DATA IN THIS EXERCISE –
============================================================

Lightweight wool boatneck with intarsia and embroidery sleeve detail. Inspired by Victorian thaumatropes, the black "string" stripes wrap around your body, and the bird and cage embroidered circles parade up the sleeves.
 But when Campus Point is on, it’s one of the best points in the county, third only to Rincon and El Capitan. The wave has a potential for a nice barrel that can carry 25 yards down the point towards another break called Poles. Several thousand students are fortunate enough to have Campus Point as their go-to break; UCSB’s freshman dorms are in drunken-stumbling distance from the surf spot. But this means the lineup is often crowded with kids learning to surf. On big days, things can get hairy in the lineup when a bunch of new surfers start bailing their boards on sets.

============================================================

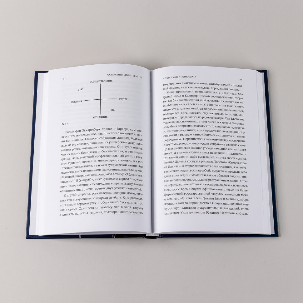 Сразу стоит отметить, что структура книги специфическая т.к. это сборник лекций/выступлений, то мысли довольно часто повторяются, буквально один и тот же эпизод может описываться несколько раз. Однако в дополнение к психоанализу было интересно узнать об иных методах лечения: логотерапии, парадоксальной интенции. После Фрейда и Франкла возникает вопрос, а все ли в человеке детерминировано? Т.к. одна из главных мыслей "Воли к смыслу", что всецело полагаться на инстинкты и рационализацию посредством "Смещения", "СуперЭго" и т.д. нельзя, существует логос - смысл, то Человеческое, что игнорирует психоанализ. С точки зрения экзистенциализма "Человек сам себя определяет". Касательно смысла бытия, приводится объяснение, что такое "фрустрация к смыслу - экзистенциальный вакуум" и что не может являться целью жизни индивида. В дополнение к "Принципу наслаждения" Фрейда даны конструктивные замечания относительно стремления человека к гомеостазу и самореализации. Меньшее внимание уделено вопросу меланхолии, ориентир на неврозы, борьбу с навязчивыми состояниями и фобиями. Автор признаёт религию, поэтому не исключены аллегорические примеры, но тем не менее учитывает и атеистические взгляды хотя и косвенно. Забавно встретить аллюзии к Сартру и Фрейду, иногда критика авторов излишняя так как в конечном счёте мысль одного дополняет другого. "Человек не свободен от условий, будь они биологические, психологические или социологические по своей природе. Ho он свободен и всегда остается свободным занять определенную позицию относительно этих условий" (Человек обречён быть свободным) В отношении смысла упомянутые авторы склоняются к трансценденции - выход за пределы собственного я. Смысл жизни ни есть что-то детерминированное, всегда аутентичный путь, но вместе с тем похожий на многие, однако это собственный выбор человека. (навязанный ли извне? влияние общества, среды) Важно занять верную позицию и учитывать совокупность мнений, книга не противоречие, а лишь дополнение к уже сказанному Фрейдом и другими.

============================================================

TASK STATEMENT –
Of the entries above, repeat exactly the lines between the line with "Lightweight wool boatneck" and the line with "But when Campus", inclusive, and no others.

RESPONSE TO THE EXERCISE –
Lightweight wool boatneck with intarsia and embroidery sleeve detail. Inspired by Victorian thaumatropes, the black "string" stripes wrap around your body, and the bird and cage embroidered circles parade up the sleeves.
 But when Campus Point is on, it’s one of the best points in the county, third only to Rincon and El Capitan. The wave has a potential for a nice barrel that can carry 25 yards down the point towards another break called Poles. Several thousand students are fortunate enough to have Campus Point as their go-to break; UCSB’s freshman dorms are in drunken-stumbling distance from the surf spot. But this means the lineup is often crowded with kids learning to surf. On big days, things can get hairy in the lineup when a bunch of new surfers start bailing their boards on sets.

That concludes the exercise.